◆ Provided material ◆

----

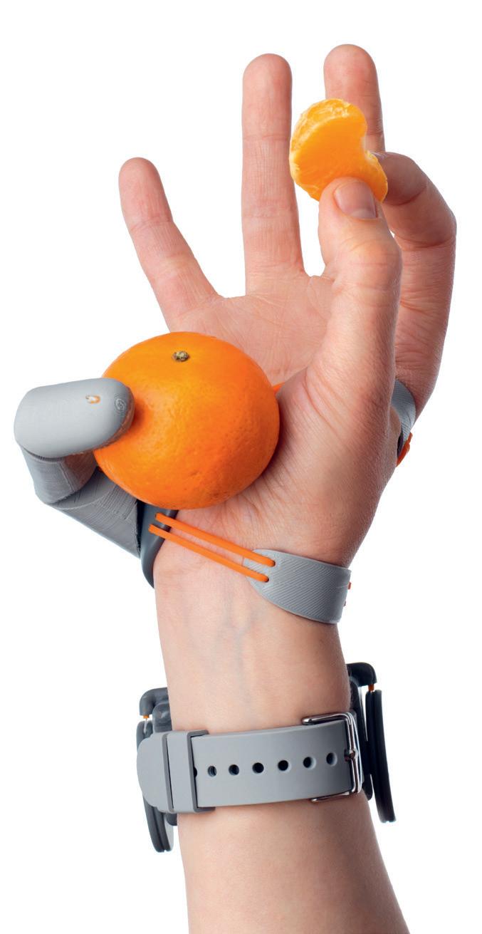 use of two hands. People with typical hands might also find the Third Thumb useful for everyday tasks such as picking up and holding objects. For example, by using the Third Thumb, a person can hold their cup and stir their hot chocolate with the same hand! Studies show that people of all ages have been able to operate the thumb successfully, so it could become a common tool of the future.
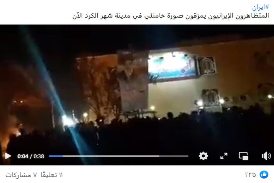 إثر ذلك، تداول رواد مواقع التواصل مقطعًا يزعمون أنه يظهر محتجين يقومون بتمزيق صورة علي الخامنئي في مدينة شهركرد مؤخرًا،
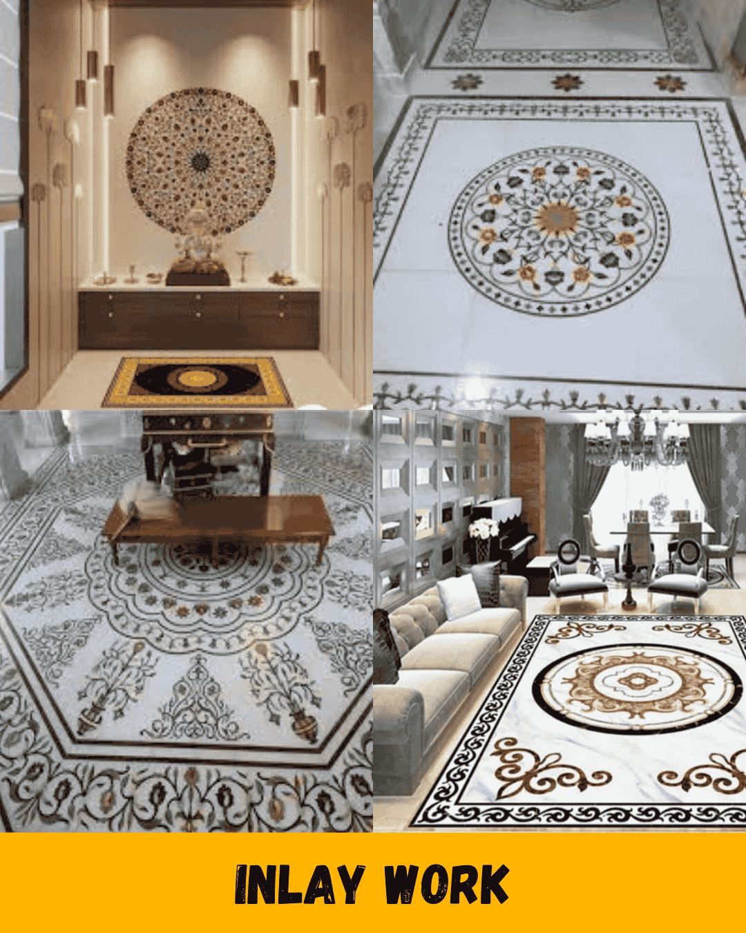 Handcrafted marble inlay with precision and beauty, perfect for luxury flooring, tables, and decor.
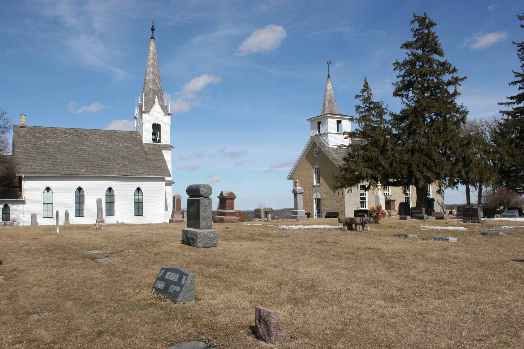 This is Valley Grove, overlooking the countryside, the place where Norwegian immigrants came. Here they crafted their first church from stone in 1862, then built a second, of wood, in 1894. Both still stand.
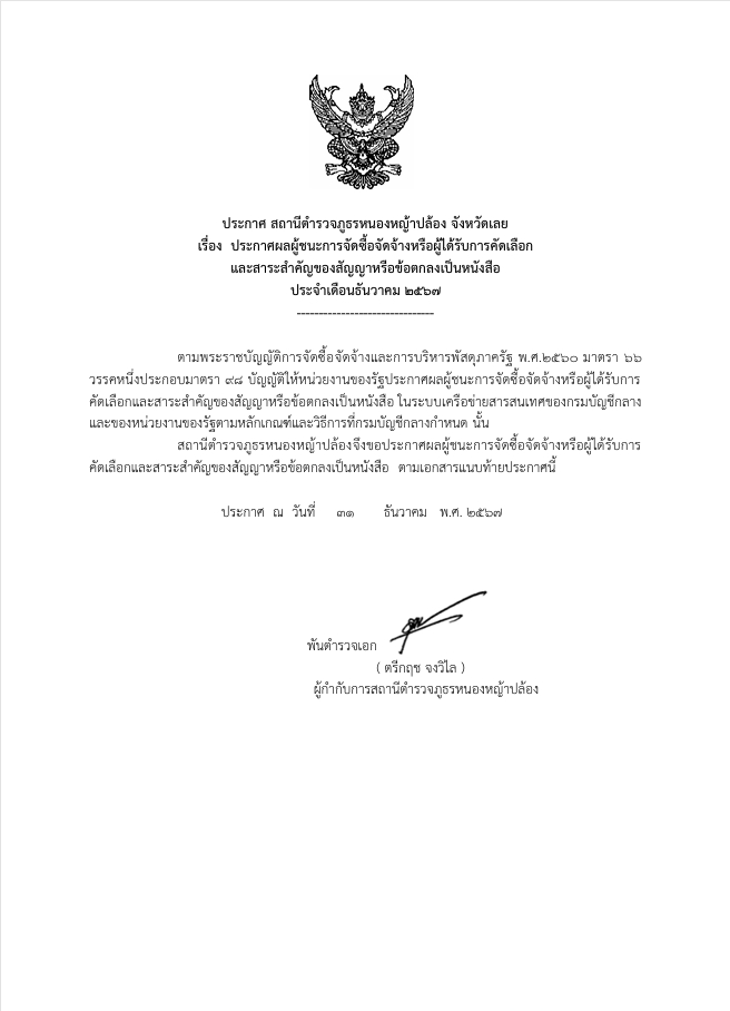 ประกาศจัดซื้อจัดจ้างประจำเดือน ธันวาคม 2567

----

Please give again, word for word, the lines from the one containing "إثر ذلك، تداول" through the last line of the listing above, inclusive, and leave out pictures.

 إثر ذلك، تداول رواد مواقع التواصل مقطعًا يزعمون أنه يظهر محتجين يقومون بتمزيق صورة علي الخامنئي في مدينة شهركرد مؤخرًا،
 Handcrafted marble inlay with precision and beauty, perfect for luxury flooring, tables, and decor.
 This is Valley Grove, overlooking the countryside, the place where Norwegian immigrants came. Here they crafted their first church from stone in 1862, then built a second, of wood, in 1894. Both still stand.
 ประกาศจัดซื้อจัดจ้างประจำเดือน ธันวาคม 2567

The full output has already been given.